What is being asked: When writing out the listing below, reproduce every word exactly and skip the pictures.

*** Opening of Exercise data ***

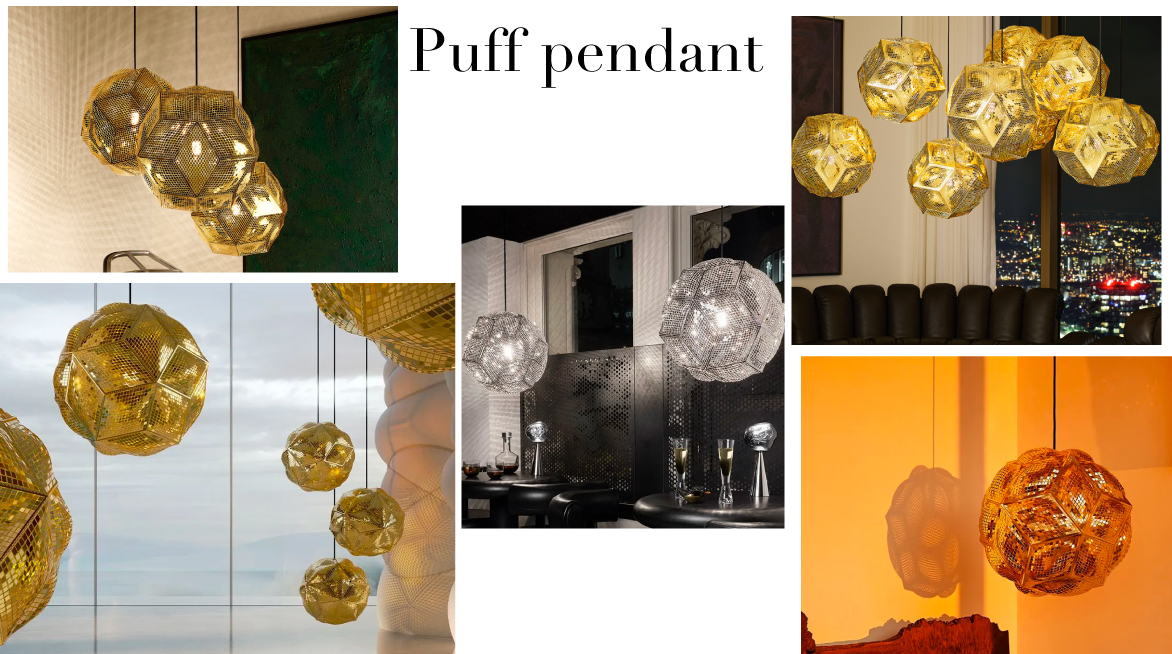 Inspiré de la géométrie gonflable, Puff est un objet polyédrique complexe composé de panneaux métalliques plats en forme de losange, expansés et gonflés comme s'ils avaient été gonflés grâce à leur motif incisé astucieux. Les panneaux gravés et perforés de Puff créent de petites facettes très réfléchissantes qui dispersent une myriade de réflexions internes, faisant de l'intérieur une boule disco inversée scintillante.
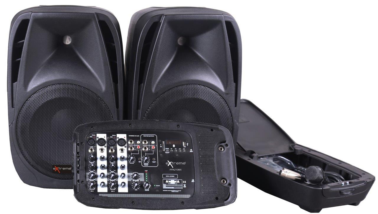 EXTREME PPA210MX COMBO CASSE+MIXER+REVERBERO+PLAYER BLUETOOTH USB SD+MICROFONO+3 CAVI / BUNDLE SISTEMA PA PORTATILE COMPATTO 200W 4 IN XLR 2 CANALI STEREO
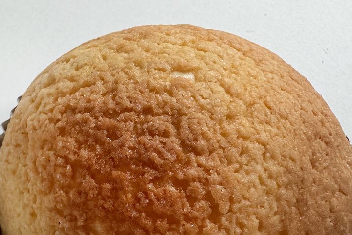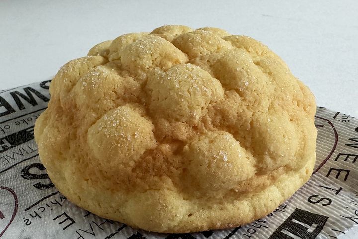 メロンパンは、パン生地の上にビスケット生地をのせて焼いたパンのことで、表面に格子状の模様が付いているのが一般的です。でも、「じゅわバタ塩メロンパン」に格子状の模様はなく、表面は小さな凹凸のあるクレーター状になっています。
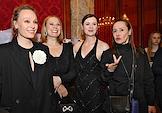 Торжественная церемония вручения премии "Событие года" журнала "Кинорепортер" за наиболее значимые достижения в сфере кино и телевидения в России в гостинице "Метрополь". Слева направо актрисы: Ольга Ломоносова, Дина Корзун, Дарья Калмыкова и Евгения Дмитриева на церемонии.

*** Close of Exercise data ***

Finished exercise:
 Inspiré de la géométrie gonflable, Puff est un objet polyédrique complexe composé de panneaux métalliques plats en forme de losange, expansés et gonflés comme s'ils avaient été gonflés grâce à leur motif incisé astucieux. Les panneaux gravés et perforés de Puff créent de petites facettes très réfléchissantes qui dispersent une myriade de réflexions internes, faisant de l'intérieur une boule disco inversée scintillante.
 EXTREME PPA210MX COMBO CASSE+MIXER+REVERBERO+PLAYER BLUETOOTH USB SD+MICROFONO+3 CAVI / BUNDLE SISTEMA PA PORTATILE COMPATTO 200W 4 IN XLR 2 CANALI STEREO
 メロンパンは、パン生地の上にビスケット生地をのせて焼いたパンのことで、表面に格子状の模様が付いているのが一般的です。でも、「じゅわバタ塩メロンパン」に格子状の模様はなく、表面は小さな凹凸のあるクレーター状になっています。
 Торжественная церемония вручения премии "Событие года" журнала "Кинорепортер" за наиболее значимые достижения в сфере кино и телевидения в России в гостинице "Метрополь". Слева направо актрисы: Ольга Ломоносова, Дина Корзун, Дарья Калмыкова и Евгения Дмитриева на церемонии.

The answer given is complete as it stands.